We think of skeletons as static, bone as less dynamic than, say, skin or hair. But that’s not true. Obviously, bones grow; otherwise, we’d all remain the size of infants. What’s news is that our skeletons keep growing even once we’ve reached full size.
The body continually breaks down old bone tissue and rebuilds. There are construction workers: cells called osteoblasts. The wrecking crew: osteoclasts. And osteocytes, the mediators, whose task is to maintain bone tissue.
These osteo-specialists essentially rebuild each bone from scratch every 10 years. But when the balance tips—when breakdown happens faster than replacement—the result is osteoporosis. Fragile, brittle bones. A house weakened from the inside out.
The skeleton of my self
I had my first DEXA scan—dual X-ray absorptiometry, for the medical geeks among us—at age 55, just before the pandemic we didn’t know was coming. My numbers weren’t good. Osteopenia (the preview act to osteoporosis) in my hip; full-on trouble in my spine. That meant a higher risk of fracture—any fracture—if I were to fall.
But then, a slew of bigger worries—my mother’s health, my daughter’s Covid-19-altered college years, cops killing Black people, the climate-chaos world. I upped my calcium dose. I walked and ran. Mostly, I forgot to remember about my thinning bones.
Until a new doctor ordered a second DEXA scan last fall, and an endocrinologist made a case for potent medication that would restore my bones instead of only putting a stop-work order on the teardown.
Twelve injections, once monthly for a year, then a maintenance drug to preserve the restoration. I did some research: was this like calling scabs to do the work of on-strike osteoblasts? Was I courting greater risk (one study showed a higher rate of stroke and heart attack in women on the drug) than a fractured wrist or rib?
Then a stabbing pain began in my right foot each time the pad hit pavement. X-rays showed a stress fracture and a bunch of terminology I had to look up on nih.gov.
The upshot: my bones are not so good at being bones. Why? Genetics, probably: a long line of age-shrunk matriarchs. My demographic—small-framed, white, post-menopause—puts me at risk. I eat yogurt every day, but years of panic attacks sent stress hormones riling through my system; cortisol can mess with bone-rebuilding and calcium absorption.

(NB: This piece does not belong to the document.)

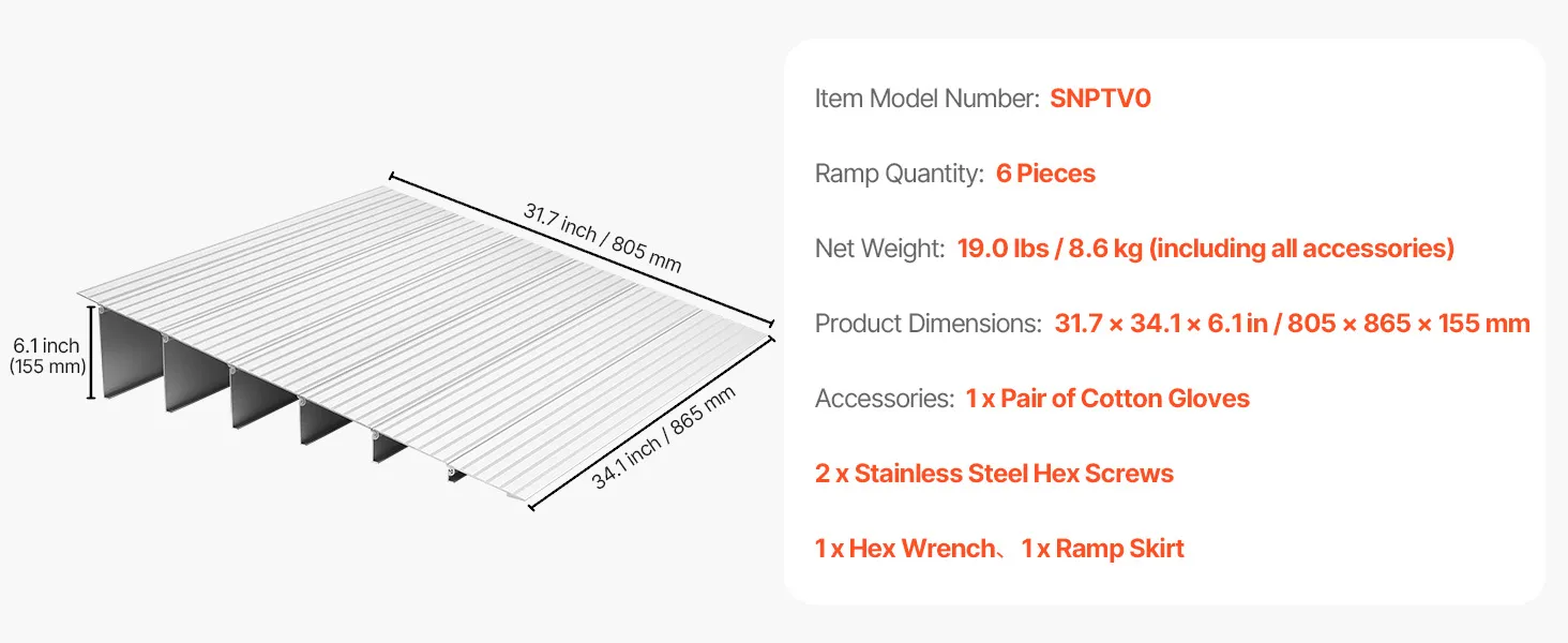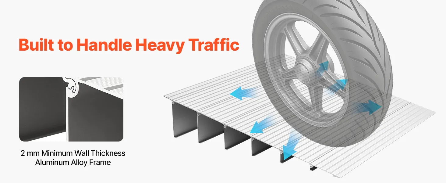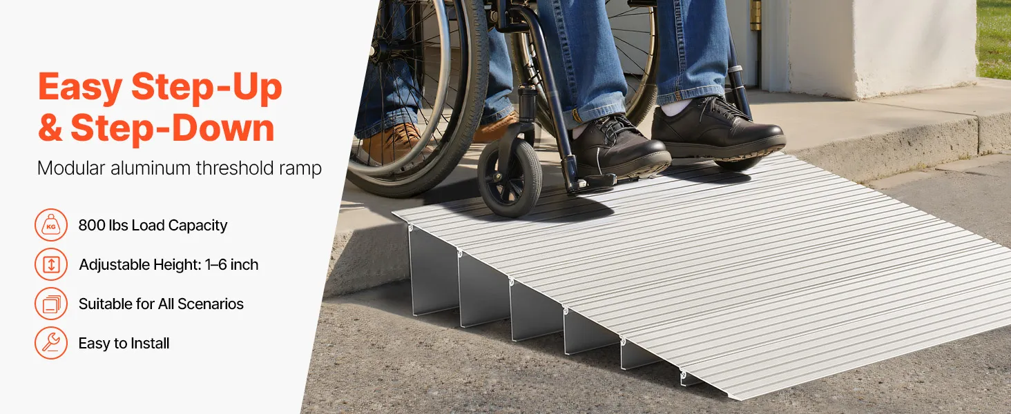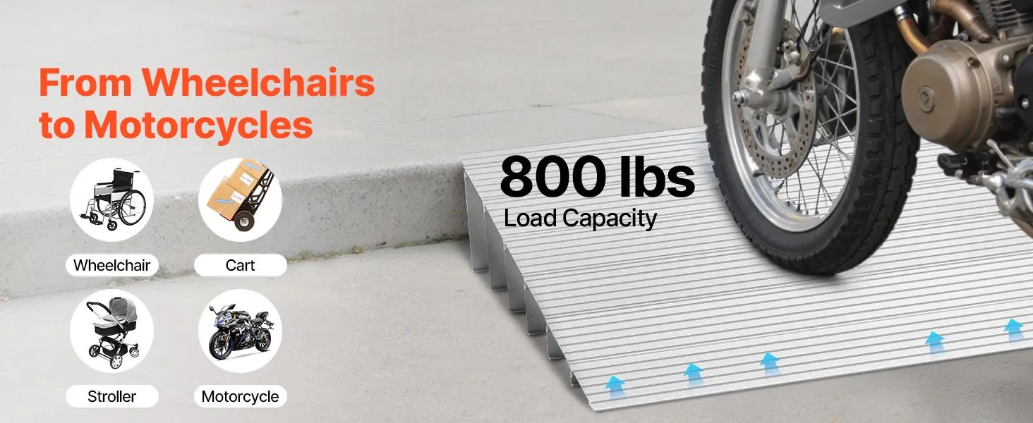 Place the front door ramp on thresholds, garage ramps, or curbs and roll with ease! The 6-inch rise fits greatly so wheels glide smoothly without bumps or getting stuck.

Oh, and more: I swallowed steroids, which also erode bone—once, twice, how many times?—in an effort to shrink inflammation in my sinuses and regain my sense of smell. No one warned me I was taking sandpaper to the studs, gnawing away the very skeleton of my self.

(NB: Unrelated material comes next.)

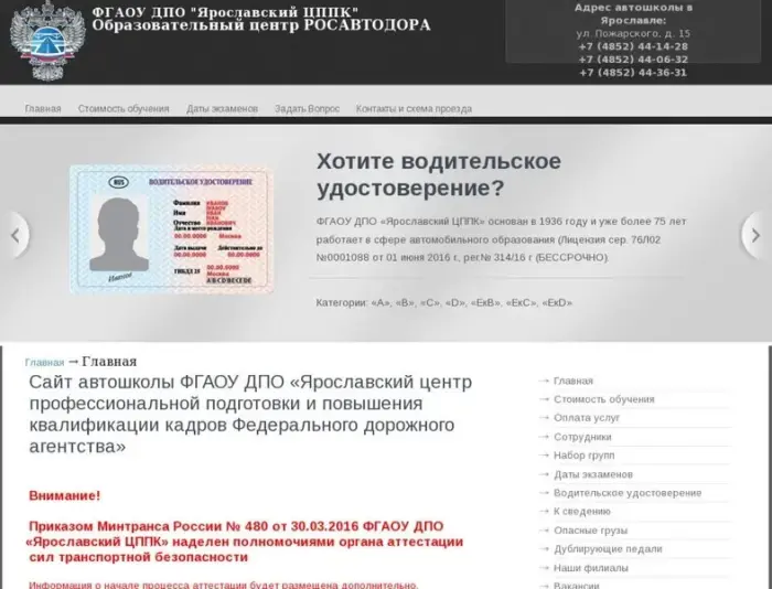 ФАУ «Ярославский центр профессиональной подготовки и повышения квалификации кадров Федерального дорожного агентства».

Built to move, not to last
I am a 60-year-old woman who lives in a 113-year-old house, gimping in her orthopedic boot up Market Street for a first injection of the medicine that will, I hope, augment that inner osteo-team.
I know, I know, no matter what we do, our dwellings will outlive us. We humans aren’t built to last. But I’d like to keep moving, fracture-free, for at least another 30 years. The drug seems like my best chance.
Joe, my nurse, is kind: Would you like a blanket? Some ice water? Does your … is that a platypus … have a name? Yes, I say, it’s Platydos, the black-billed, palm-sized stuffed animal that I bring to scary medical appointments.
The shots go in my belly—one throbs; the other stings. Two Band-Aids and I’m good to go. Later, my abdomen aches as if I’ve done 100 crunches.
I imagine my weary osteoblasts being shown up by the newbies—see, here’s how it’s done—while the cells that break down bone get furloughed. I think of how it’s all enlaced—not just the child’s rhyme, knee-bone-connected-to-the-thigh-bone—but in a bigger sense: genetic tendencies kicked into gear by environmental stressors and private and communal loss prompting panic, unleashing cortisol, eroding the armature in places we can’t even see.
I look at the clouds: lion, swan, an armadillo. I clutch Platydos in my left hand. I imagine being old—not as aged as our queer Victorian of a house, but several decades on, still hoofing through this scorched and stunning world, an old woman with good-enough bones.